Ты нас, о Боже, покидаешь,
Чтоб нашу силу испытать.
А после сам же осеняешь
Небесной милостью тех, кто умел страдать.
 
   Сложно вложить душу в эти слова, но я очень старалась. Часовой у двери замер, а затем бухнул прикладом в дверь и завопил:
   – Да замолчите, сударыня! Ваша песня наводит тоску, как заупокойное пение, и если, кроме приятности находиться в этом гарнизоне придется еще слушать подобные вещи, то будет уже совсем невмоготу!
   Его можно было понять. Протестантский псалом вгонит в тоскливое состояние и самого отъявленного жизнелюбца. Но я ведь пою ради спасения своей жизни, а не удовольствия караульного.

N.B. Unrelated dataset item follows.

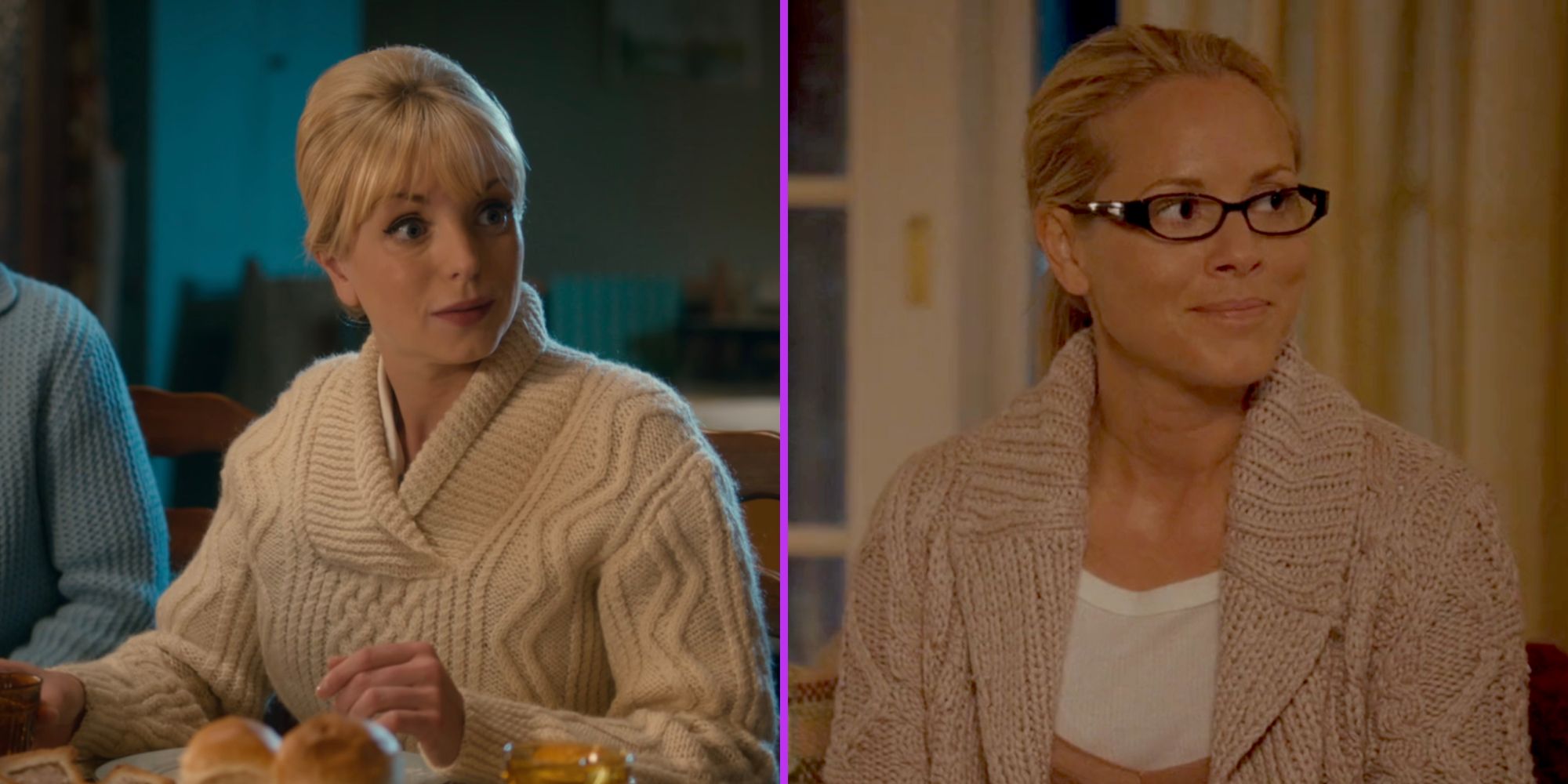 Who has the better sweater? 1️⃣ Trixie Franklin (Helen George) in CALL THE MIDWIFE 2️⃣ Jocelyn (Maria Bello) in THE JANE AUSTEN BOOK CLUB 📊 Show results

   – Молчать! – рявкнул кто-то на него, избавив меня от ответа часовому. – Чего Вы суетесь не в свое дело, наглец? Разве Вам было приказано мешать петь этой женщине? Нет, Вам велели ее стеречь и стрелять, если она затеет побег. Стерегите ее; если она надумает бежать, убейте ее, но не отступайте от данного Вам приказа!

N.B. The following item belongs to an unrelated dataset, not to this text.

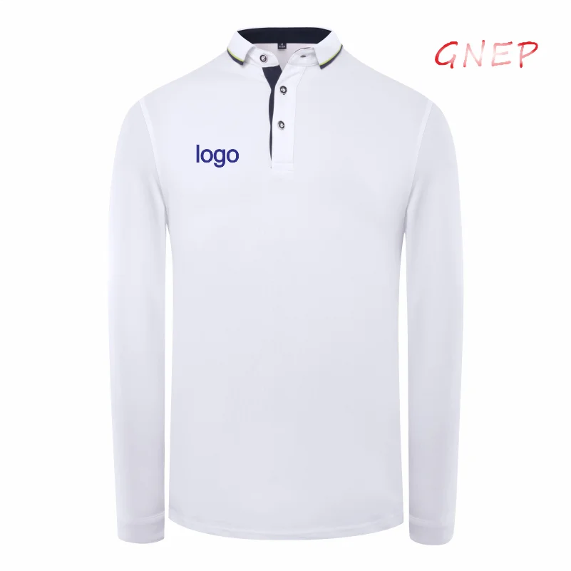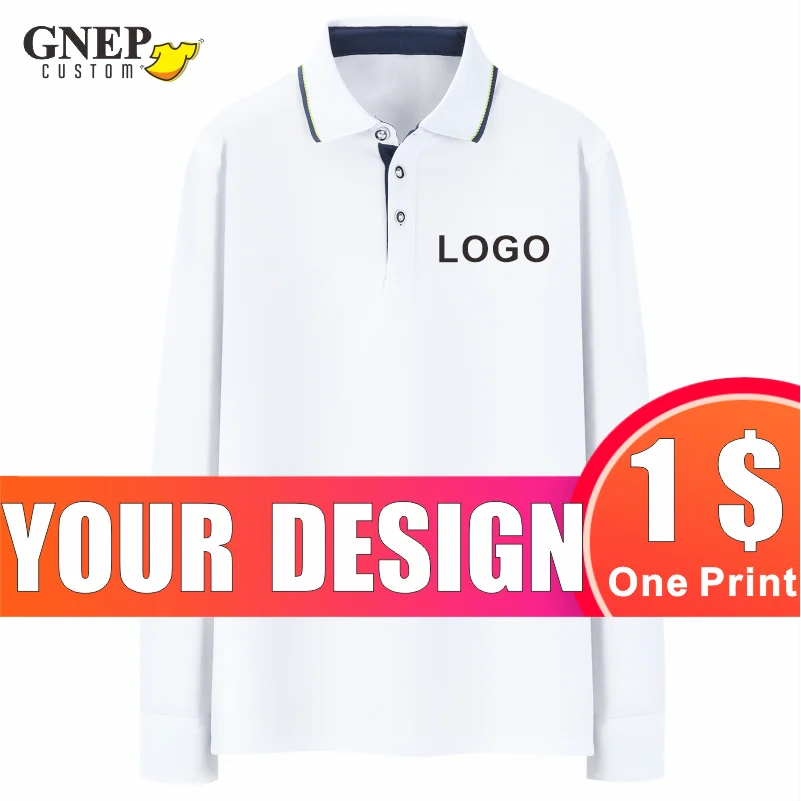Мужская рубашка-поло GNEP с длинным рукавом, удобные дышащие повседневные топы на заказ, Недорогая модная Однотонная рубашка с отложным воротником и принтом

   Значит, Фельтон здесь. Ну что же, продолжаем пение.
 
Для горьких слез, для трудной битвы,
Для заточенья и цепей
Есть молодость, есть жар молитвы
И Бог, ведущий счет дням и ночам скорбей.
 
   Почему у пуритан слово «скорбь» относится к нежно любимым? Надеюсь, Фельтон рыдает где-нибудь в уголочке, пораженный божественной красотой священных строк.
   Господи, если бы люди почаще слушали шум океана, они бы поняли, что все нужные слова он говорит сам.
   К сожалению, это еще не конец псалма. Мучаем часового дальше.
 
Но избавленья час настанет
Для нас, о всеблагой Творец!
И если воля нас обманет,
То не обманут смерть и праведный венец.
 
   Дверь резко распахнулась, на пороге возник Фельтон, весь белый, с горящим взором.
   – Зачем Вы так поете? – вопросил он срывающимся тенорком. – И таким голосом?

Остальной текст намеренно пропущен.